Another technique that provided vital information via X-ray diffraction was reciprocal space mapping (RSM). The RSM measurement could provide the accurate strain state of the epitaxial layers and reveal direct information on the lattice parameter [3,68,69]. Mukundan et al. included the RSM measurement along ($11\overline{2}0$) to study the strain state analyzing the tilting angle between GaN and sapphire peaks [3,30]. Pant et al. correlated the crystal quality of the non-polar GaN epitaxial lyres with the RSM measurements [23].

II.

Raman Spectroscopy

Room-temperature Raman spectroscopy measurement has been widely utilized to investigate the structural properties of GaN epitaxial layers [7,19,54,66]. The E₂ high mode wave vectors from Raman spectroscopy were very sensitive to stress, which could provide an advantage for determining the stress state of wurtzite GaN. The stress value of wurtzite GaN can be obtained by utilizing the following equation [70]:

σxx = Δω/K

(4)

where Δω is the difference in the E₂ high mode peaks between the grown GaN and perfect GaN, and K is the strain coefficient with a value of 4.2 cm⁻¹/GPa. The E₂ high peak for perfect GaN epitaxial layers is 567.6 cm⁻¹ [70,71].

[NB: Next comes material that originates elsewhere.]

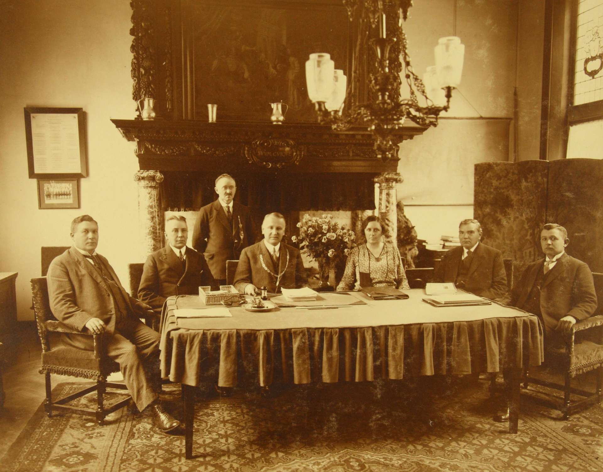 *Titelfoto: Het college van BenW van Deventer in 1929. In het midden burgemeester Wttewaall en rechts naast hem Trijntje Saunders-Blaauboer. (Stadsarchief Deventer)

The growth of a non-polar GaN epitaxial layer on sapphire substrate using MBE with and without plasma assistance reported by Gundimeda et al., Pant et al., Aggrawal et al., and Mukundan et al. illustrated E₂ high mode peaks at 567.84 cm⁻¹, 568.76 cm⁻¹, 566.61 cm⁻¹, and 569.25 cm⁻¹ with stress states of −0.055 GPa, −0.123 GPa, 0.230 GPa, and −0.020 GPa, respectively [7,19,30,56]. It is noted that the negative values indicated tensile states, whereas the positive values indicated compressive states of the stress. It is also interesting to observe the high value of the compressive stress state in the GaN MW structure as reported by Song et al. [57]. The E₂ high mode peaks portrayed a large shift towards the lower shift state compared to stress-free GaN. Meanwhile, the MoS₂ layer deposited on GaN substrate reported by Pant et al. exhibited two sharp peaks in Raman spectra at wave numbers of 383 cm⁻¹ and 407 cm⁻¹, which corresponded to the MoS₂ layer for in-plane ${\mathrm{E}}_{2\mathrm{g}}^1$ and out-of-plane ${\mathrm{A}}_{1\mathrm{g}}$ vibrational modes, respectively [54].

III.

Transmission Electron Microscopy

In order to further analyze the crystal quality and the surface morphology of the grown GaN thin films, TEM measurement is highly efficient due to the higher magnification scan size that enables a more detailed understanding of the growth mechanisms and defects as well as dislocations. Song et al. and Tsai et al. utilized TEM analysis in their reports, revealing the selective area electron diffraction (SAED) pattern. Their analyses portrayed high-quality and defect-free GaN micro- and nanowires [57,58]. Furthermore, a very interesting TEM analysis of a core-shell InGaN/GaN single-nanowire photodiode was reported by Zhang et al. [55]. The TEM analysis clearly proved the core-shell structure by performing a horizontal cross-section of a single GaN nanowire that comprised n-GaN as a core, surrounded by 30 pairs of InGaN/GaN quantum well and coated with p-GaN 175 nm thick. In addition to the aforementioned, Yang et al. utilized the TEM analysis to calculate the defect density within the non-polar GaN epitaxial layer as follows:

$$\mathrm{d}=\frac{\mathsf{\beta }}{\mathrm{x}}$$

(5)

where x and β represent the area size and the number of defects in the area, respectively [31]. A different approach reported by Mukundan et al. uses TEM analysis to obtain a clear insight into the condition at the interface of the GaN thin film and the substrate [30]. The sharp interface and the perfect atom arrangements at the interface suggest that their optimization successfully reduced the defect densities and obtained a high crystalline quality of a-plane GaN on r-plane sapphire substrate.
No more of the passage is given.